# Please help;



## shootingstar (Jan 1, 2013)

Hi everyone, i'm a newb to this form and would just like to take the time to thank everyone for reading this really long and drawn out problem :sleeping:


Well, I guess let's start at the beginning..

I have been with my now husband for over 2 years. We are young. I'm 23, and he's 20. We just got married December 6th. and I guess you can say.. this isn't the fairytale relationship i've always wanted.... sigh.


When him and I first met at work, we hit it off the bat. I had just got back from Europe, and we talked. Eventually we started dating. I hadn't ever been in a serious relationship before so I didn't really know what to expect. But, for some reason, he would not stop talking to his ex's and they were all girls that he's had sex with. I was a virgin at the time so I was not okay with this. He would tell them how beautiful they were.. and even one was sending bikini shots to him and it made me feel really uncomfortable. Eventually I told him it was either me or his ex's.. and he deleted them all and we moved on.


Then, a couple months past, I was working the evening shift and he texted me telling me he was going to a bonfire with some friends, It was more of a couples thing so I wasn't too worried.. until this girl started texting him. Her name was Maria, he assured me she had a boyfriend. For some reason, I just had this god awful feeling in the pit of my stomach. She would text him NON stop. To the point where his phone inbox was so full he would delete them. He would always turn his phone off. One day he went away for the whole weekend and didn't even talk to me.. Now, then his mother kicked him out of the house and he moved in with my grandfather and I. I always thought they had something going on but had no way of proving it. I had sent her a message on Facebook asking if there was anything going on between them, of course being the woman that she's not, she didn't reply. Him and I got into it one night and I told him I didn't want him talking to that other girl anymore so help me. He said he would tell her that he couldn't talk to her anymore. He went to stay the night at his cousins house, and when he came back he was fixing me breakfast and his phone was off in my room and I turned it on and there was text messages from a guy saying, "When are you going to call me?? " I called it and it was that girl. Him and I went at it. Oooh I was SO pissed. I think they had an EA, or possibly a PA but I still don't have hard evidence. He changed his number.. That's been over a year and then some and I can't get over it.. 
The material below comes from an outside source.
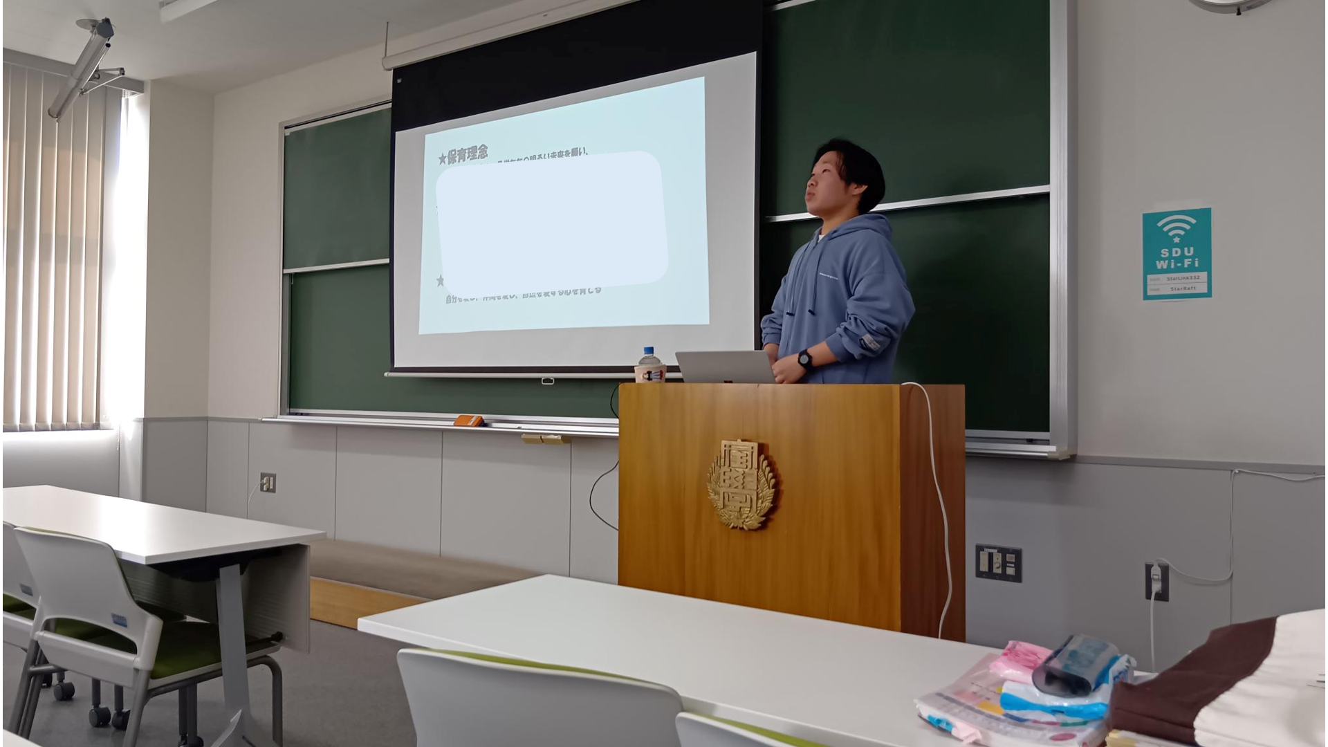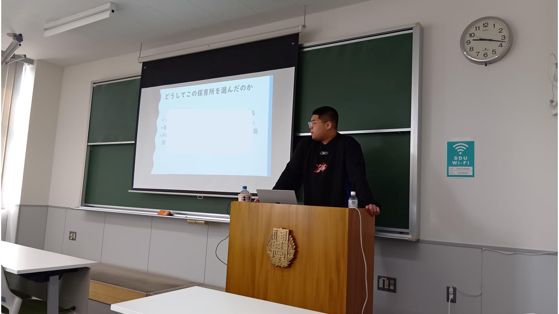 どんな場所にあるのか、大切にしている保育理念は何か、自分の実習目標は何か、実習までに克服したい課題は何かなどを全員がプレゼンテーション。
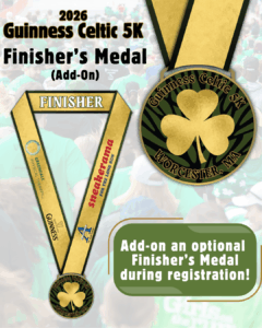 Participants may choose to add on a Finisher’s Medal – simply select the “5K WITH MEDAL” option during registration to secure your medal, which can be picked up after the race at the finish line.

Because of this reason has brought me HUGE trust issues. 
Now I can't stop looking at his Facebook/Email/Phone... 


Now we're married and things have got so much worse. 

He calls me a psychotic b****
He tells me that he wished we didn't get married.
I tell him the same thing.
We say horrible things to eachother out of anger.
It was never this way before that girl messed this all up.
I lost my job and he lost his in 2012.

When we have sex it's so weird because when i'm ontop he will go for over an hour without finishing but when he's ontop he lasts like 2 mins and doesn't bother trying to get me off.


I found out that he's been looking at all this porn online(No, I do not approve of it.) Instead of trying to have sex with his new wife he would rather look at that garbage? It hurts. 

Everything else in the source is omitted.